Official code for "Neural ePDOs: Spatially Adaptive Equivariant Partial Differential Operator Based Networks"

Primary LanguagePython

Neural ePDOs: Spatially Adaptive Equivariant Partial Differential Operator Based Network

Abstract

Endowing deep learning models with symmetry priors can lead to a considerable performance improvement. As an interesting bridge between physics and deep learning, the equivariant partial differential operators (PDOs) have drawn much researchers' attention recently. However, to ensure the PDOs translation equivariance, previous works have to require coefficient matrices to be constant and spatially shared for their linearity, which could lead to the sub-optimal feature learning at each position. In this work, we propose a novel nonlinear PDOs scheme that is both spatially adaptive and translation equivariant. The coefficient matrices are obtained by local features through a generator rather than spatially shared.
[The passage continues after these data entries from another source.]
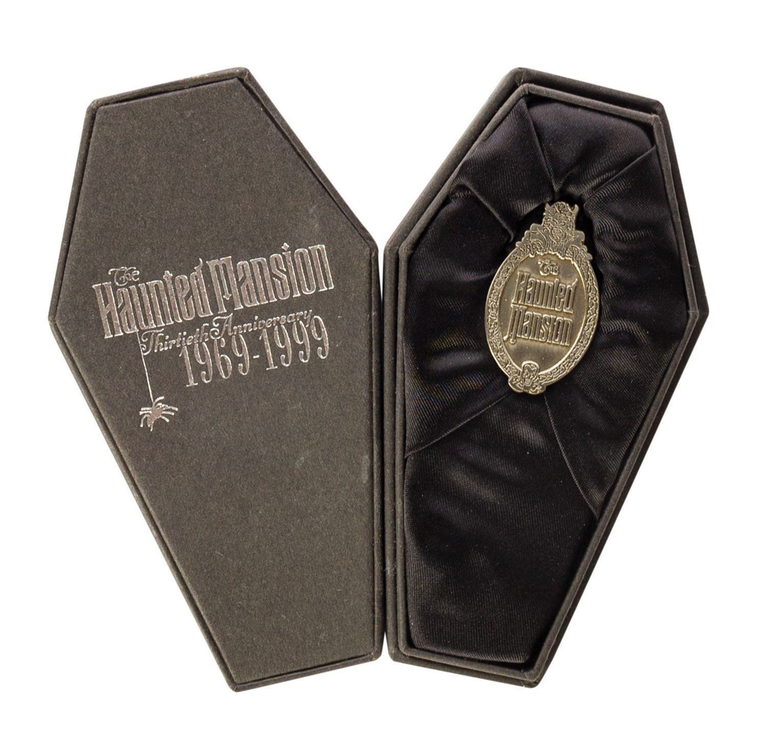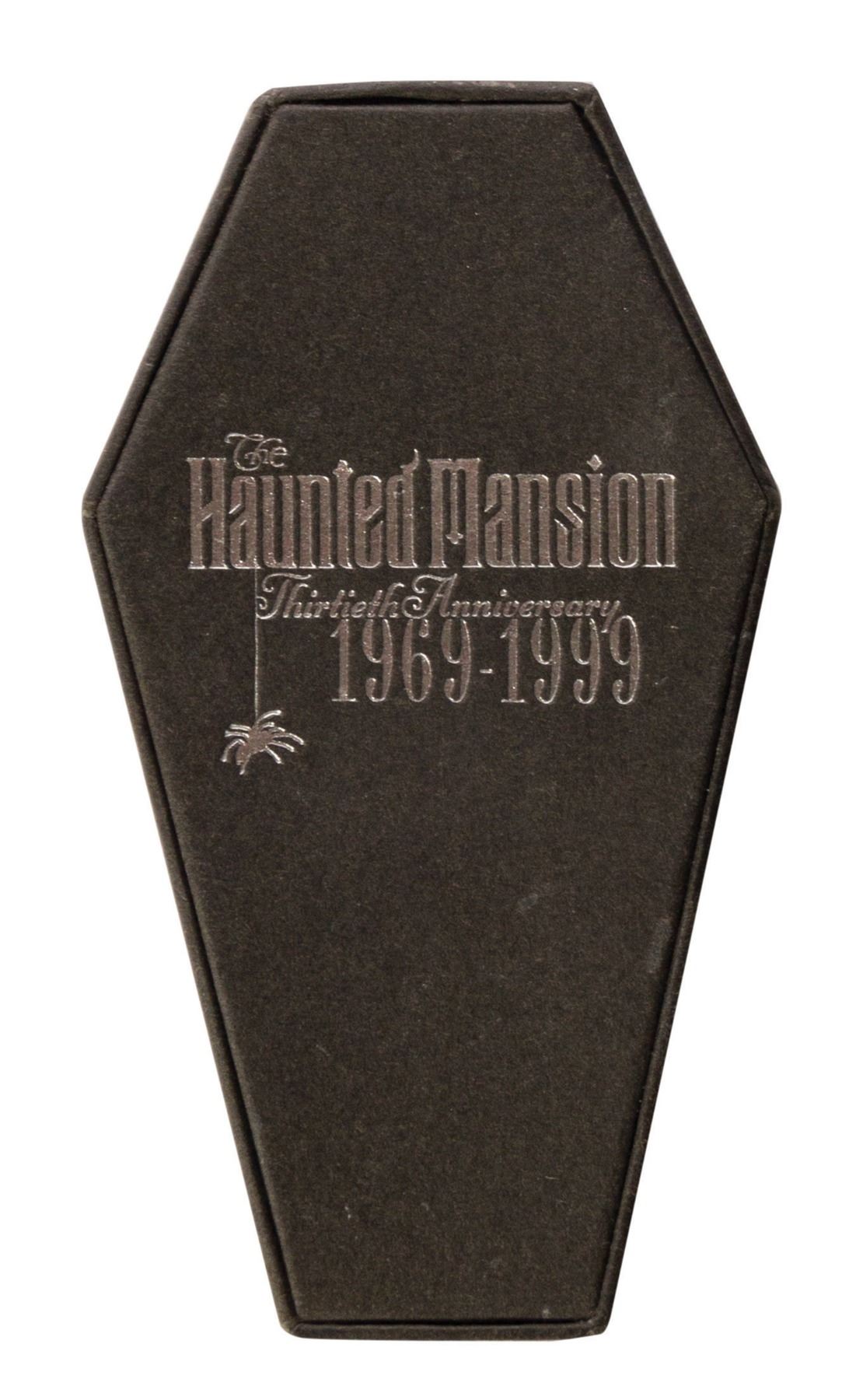 (Disneyland, 1999) A special limited edition pin created to celebrate the 30th anniversary of the Haunted Mansion. The commemorative pin was created in a limited edition of only 1969 pieces. The coffin-shaped box that holds the pin has a silver foil embossing that reads "The Haunted Mansion Thirtieth Anniversary 1969-1999." Measuring approximately 1.5"x1" in its 4.75" long coffin box, the pin is in fine condition with minor scuffs to the outside of the box.
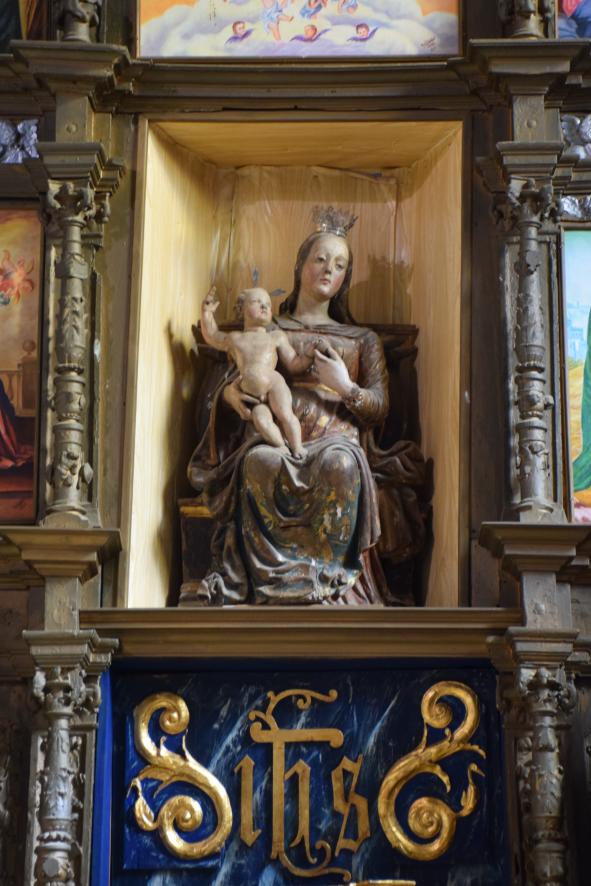 La Virgen con el Niño en el centro del retablo mayor de la iglesia parroquial de la Asunción,
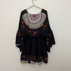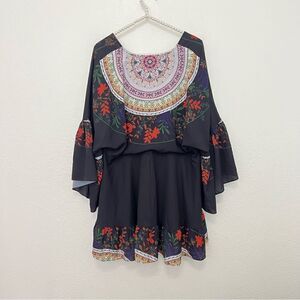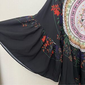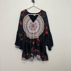 Umgee tunic. Oversized blouse. Medallion medley. Floral print. Large ruffled bell sleeves. High low hem. Boho bohemian. V-neck top. Multi colored. Ruffled hem. Women’s size medium. Offers welcomed.
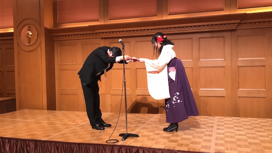 当ゼミの代表が学部長から学位記を授与され、答辞を読み上げる機会をいただきました。光栄です。
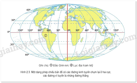 - Hình 2.3: Phép chiếu bản đồ có các đường kinh tuyến là những đường cong chụm lại ở hai cực, các đường vĩ tuyến là những đường thẳng song song với nhau thì ta thấy diện tích đảo Grin-len nhỏ hơn rất nhiều so với lục địa Nam Mỹ.
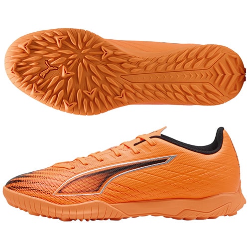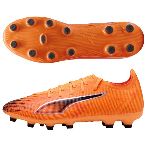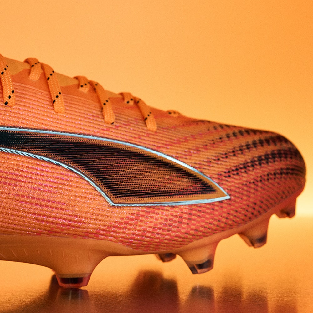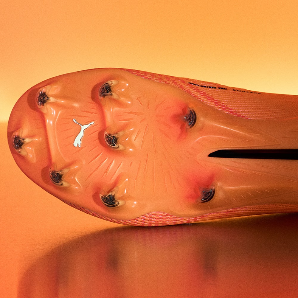 ULTRAの為に開発された、プーマ独自のアウトソール。軽量なPebaxをベースにピッチを掴み、そして強力な蹴り出しと加速力を生み出す革新的なスタッドシステムを採用。エネルギーリターンを最大化し、更なる加速を生み出します。 スピードシステム カーボン素早い推進力をもたらす弾力のあるカーボンファイバー素材と、より速い加速を実現する革新的なスタッドの配置と方向を組み合わせています。学術的な研究から多くのテストを繰り返し開発されたT字型の『FastTrax』スタッドは、加速、ターン、クイックなフェイントに対して、最適な蹴りだしをもたらします。
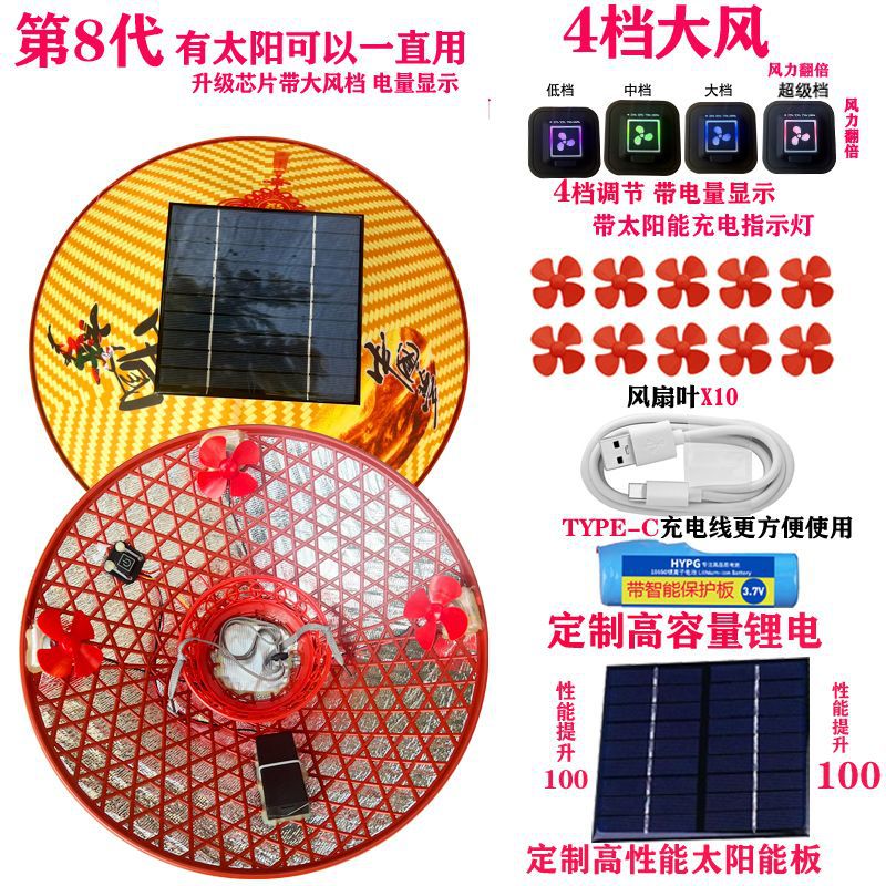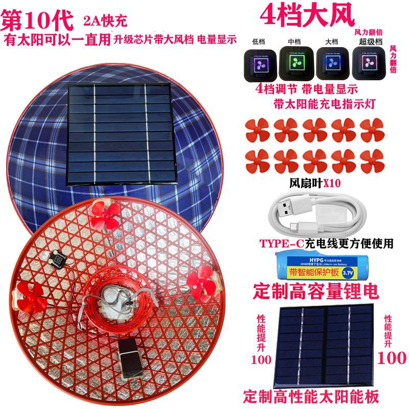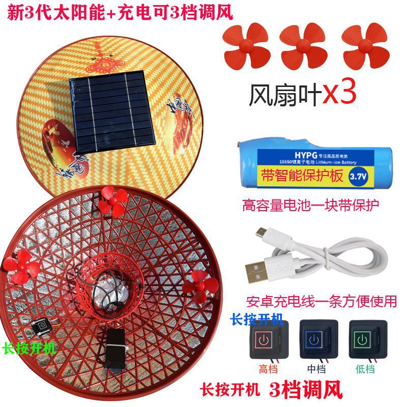 | 颜色 | 第二代【纯太阳能带动二风扇】, 第二代【纯太阳能带动三风扇】, 新一代【纯锂电带动三风扇】可调速, 第一代【纯锂电带动三风扇】不可调速, 第三代太阳能+锂电池组合 3风扇, 第四代太阳板+锂电池自动充电3风扇, 第五代【3挡调速开关边开边充】, 第6代帽加厚太阳能锂电自动充, 8代太阳能+锂电4挡大风边开边充, 10代4挡加厚太阳能锂电自动充电, 4风扇4倍风力4档电显自动充电, 5风扇5倍风力4档电显自动充电 |
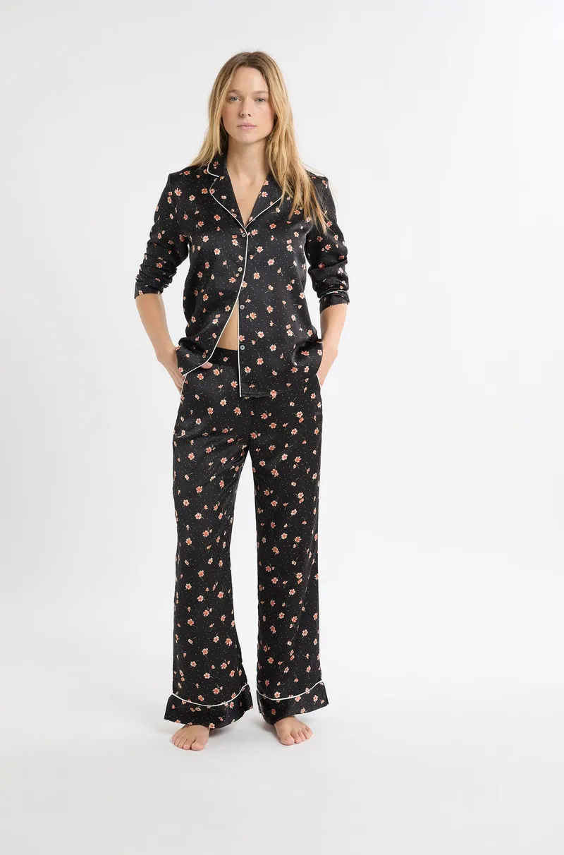 MEDRA Floral print satin pyjama trousers-Black-M
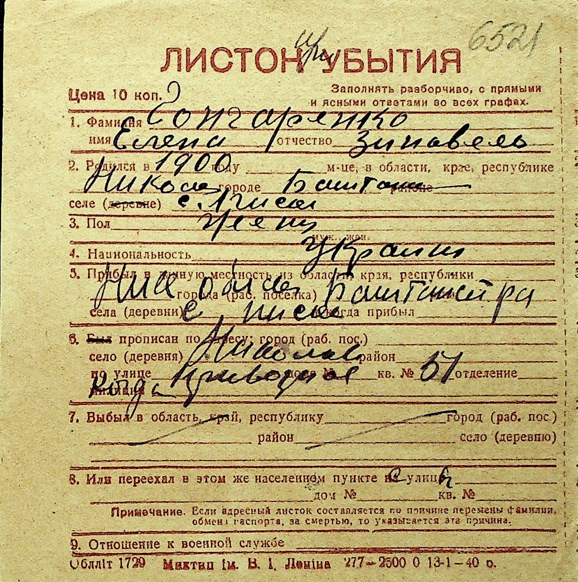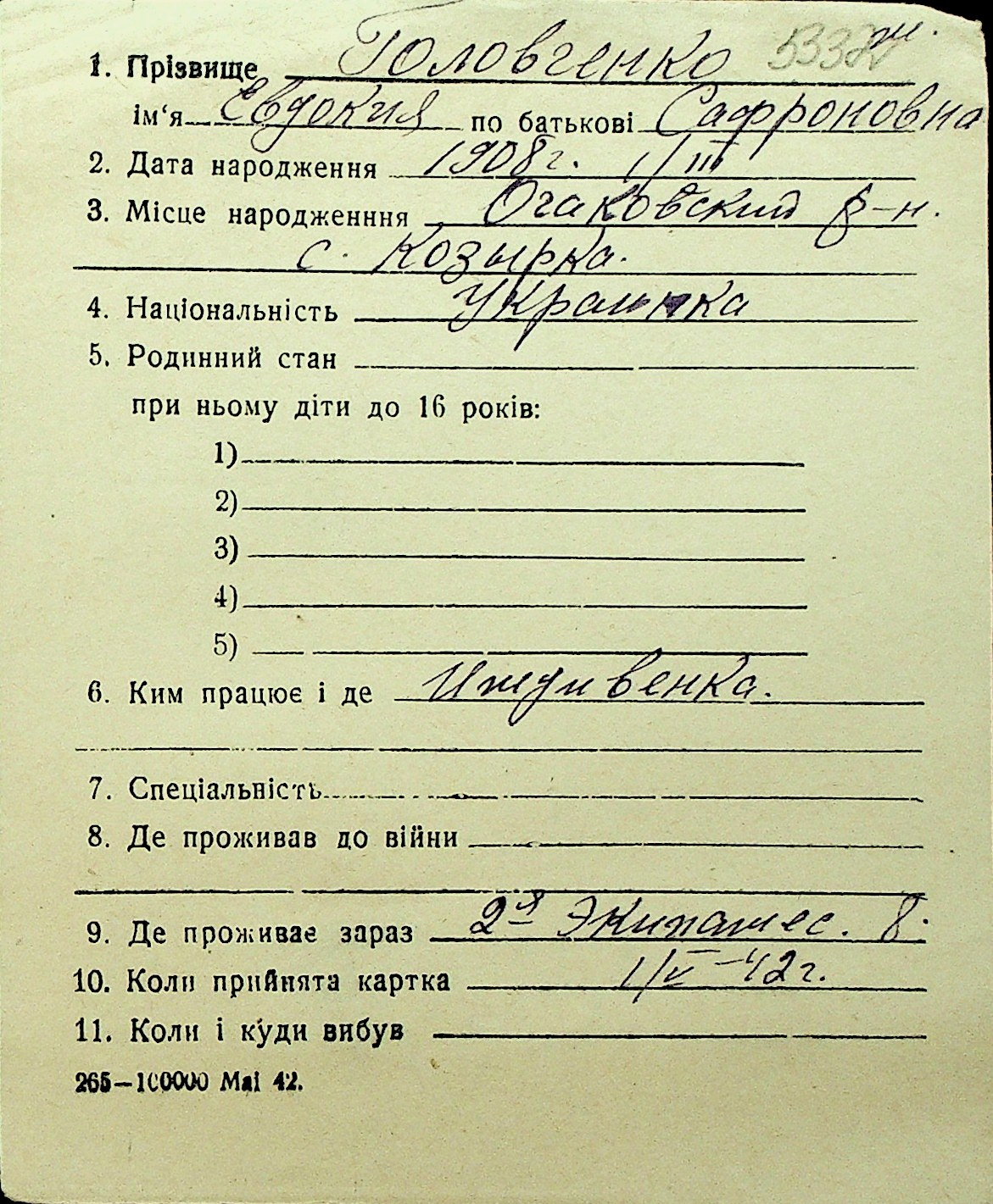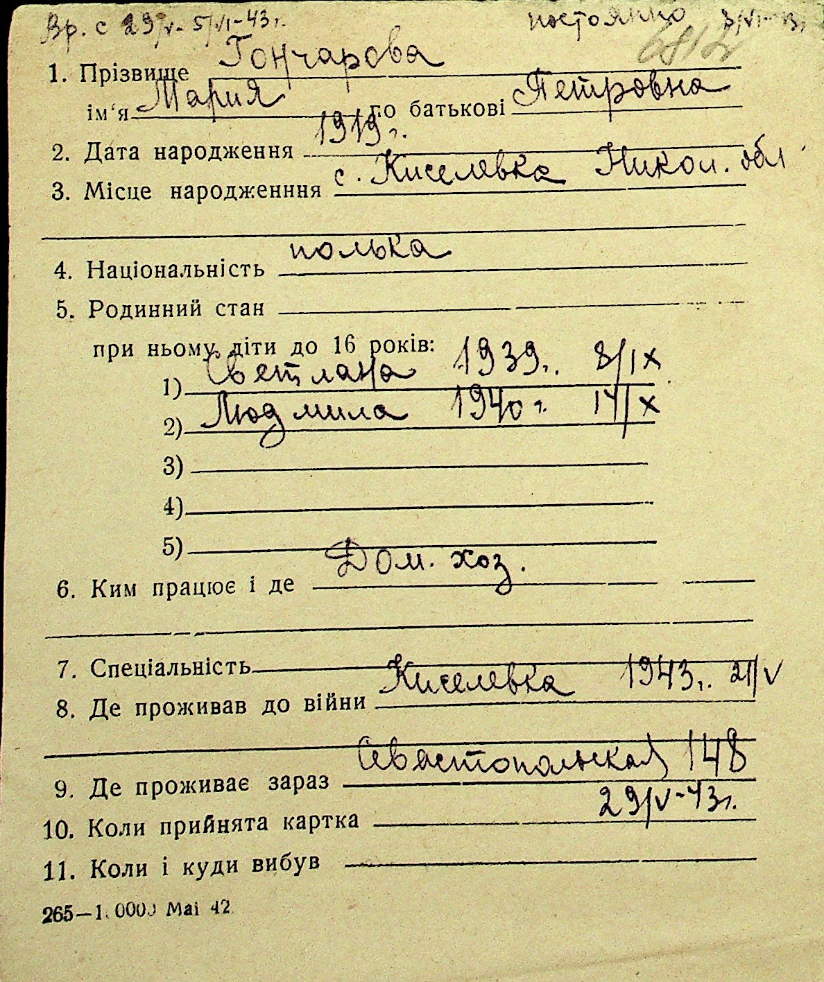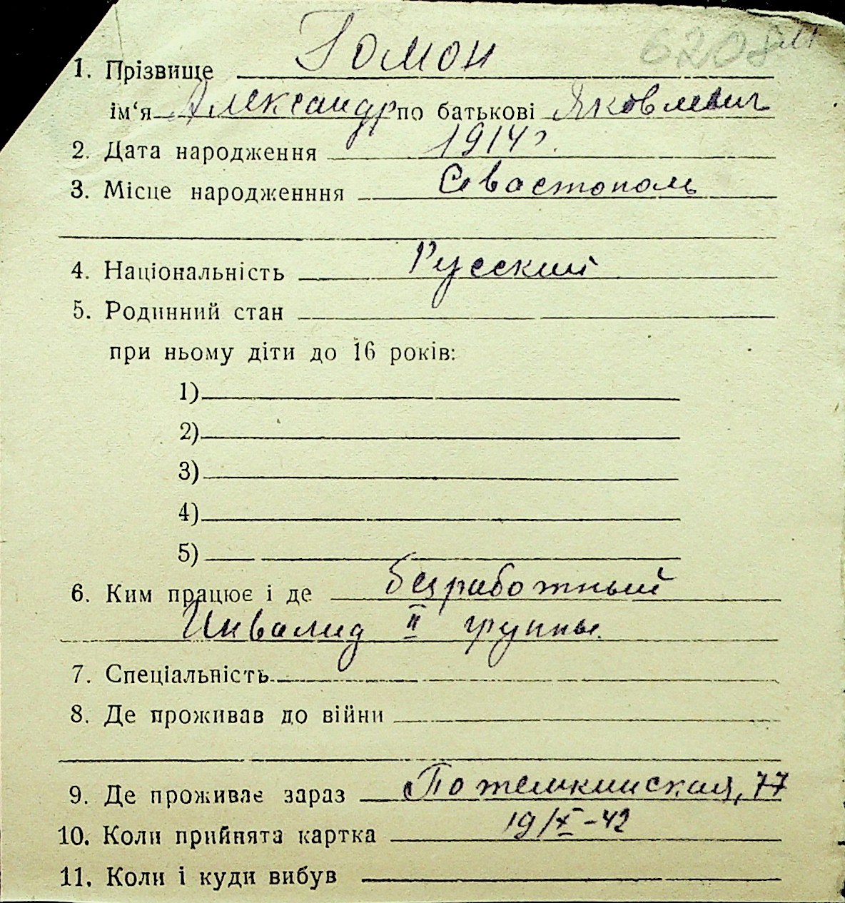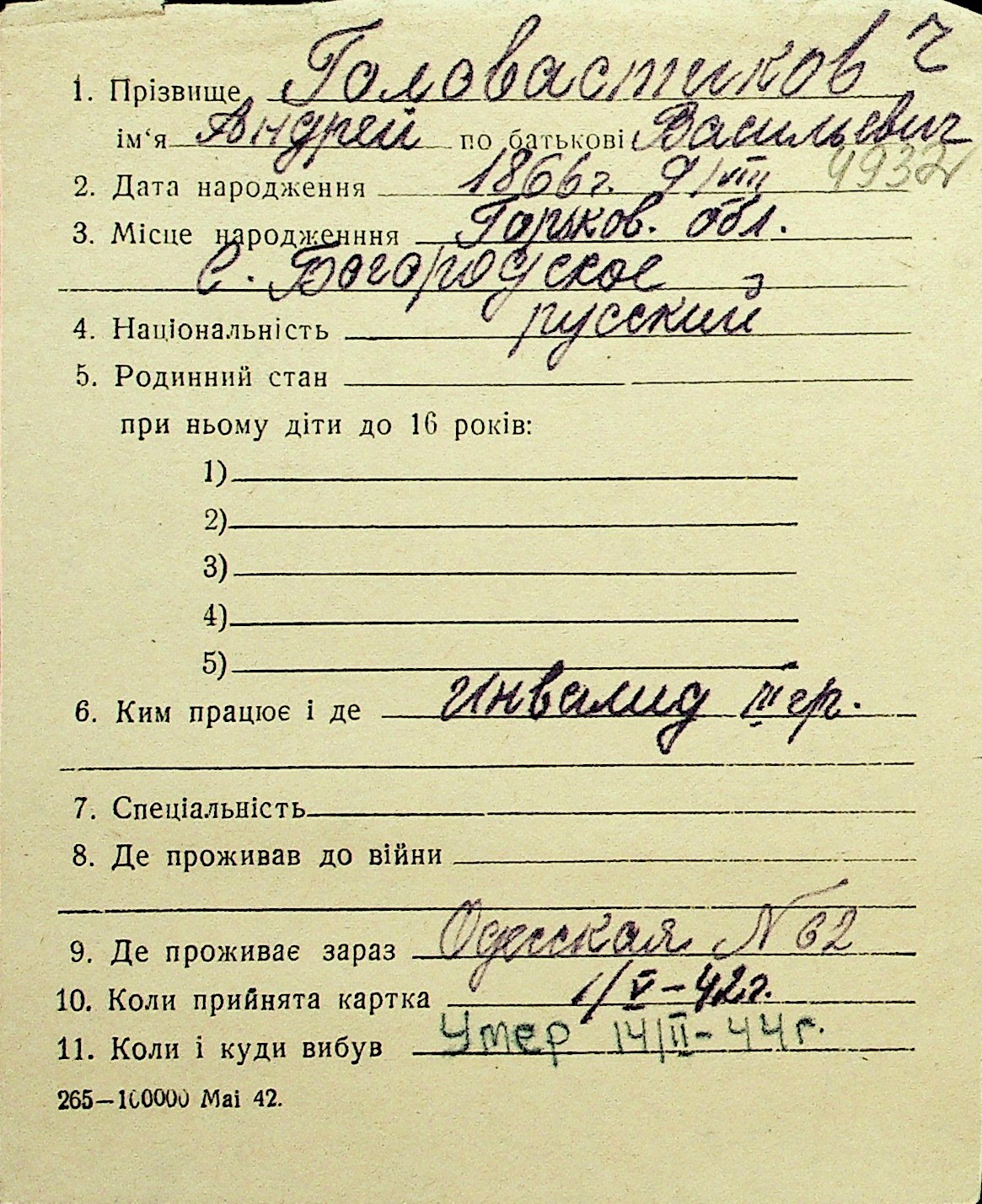 • • Перелік карток до фонду № Н-1016

Besides, we establish a new theory on incorporating more equivariance like rotations for such PDOs. Based on our theoretical results, we efficiently implement the generator with an equivariant multilayer perceptron (EMLP). As such equivariant PDOs are generated by neural networks, we call them Neural ePDOs. In experiments, we show that our method can significantly improve previous works with smaller model size in various datasets. Especially, we achieve the state-of-the-art performance on the MNIST-rot dataset with only half parameters of the previous best model.

Requirement

python=3.8.13
tqdm
pytorch=1.10.2
torchvision=0.11.3
cuda=11.3.1
numpy=1.22.3
rbf 

(For installation of rbf, see RBF)

Experiment Settings

MNIST-rot

  • Model: Regular, Quotient
  • Training batch size: 64
  • Weight decay: 1e-4
  • Learning rate adjustment
    1. 2e-3 for epoch [0, 60)
    2. 2e-4 for epoch [60, 120)
    3. 1e-4 for epoch [120, 150)
    4. 5e-5 for epoch [150, 180)
    5. 2.5e-5 for epoch [180, 200]
  • Reduction: 1 (for regular model), 2 (for quotient model)
  • g ($g=\frac{z}{q}$, $z$:number of input fields, $q$:partition number): 4
  • dropout rate: 0.1
  • s (groups number, should be exactly divisible by g):4 for $C_{16}$ regular model, 1 for quotient and $D_{16|5}C_{16}$ model.

1. MNIST-rot

  • Neural ePDOs(Regular, FD)
CUDA_VISIBLE_DEVICES=0 python train_mnist.py   --model R  --dis fd --g 4 --s 4 --reduction 1
  • Neural ePDOs(Regular, Gauss)
CUDA_VISIBLE_DEVICES=0 python train_mnist.py  --model R  --dis gauss --g 4 --s 4 --reduction 1 
  • Neural ePDOs(Quotient, Gauss)
CUDA_VISIBLE_DEVICES=0 python train_mnist.py  --model Q  --dis gauss --g 4 --s 1 --reduction 2
  • Neural ePDOs(Regular $D_{16|5}C_{16}$ , Gauss)
 CUDA_VISIBLE_DEVICES=0 python train_mnist.py --model R --dis gauss --flip True --g 4 --s 1  --reduction 1 

Citations

@inproceedings{
he2023neural,
title={Neural e{PDO}s: Spatially Adaptive Equivariant Partial Differential Operator Based  Networks},
author={Lingshen He and Yuxuan Chen and Zhengyang Shen and Yibo Yang and Zhouchen Lin},
booktitle={The Eleventh International Conference on Learning Representations },
year={2023},
url={https://openreview.net/forum?id=D1Iqfm7WTkk}
}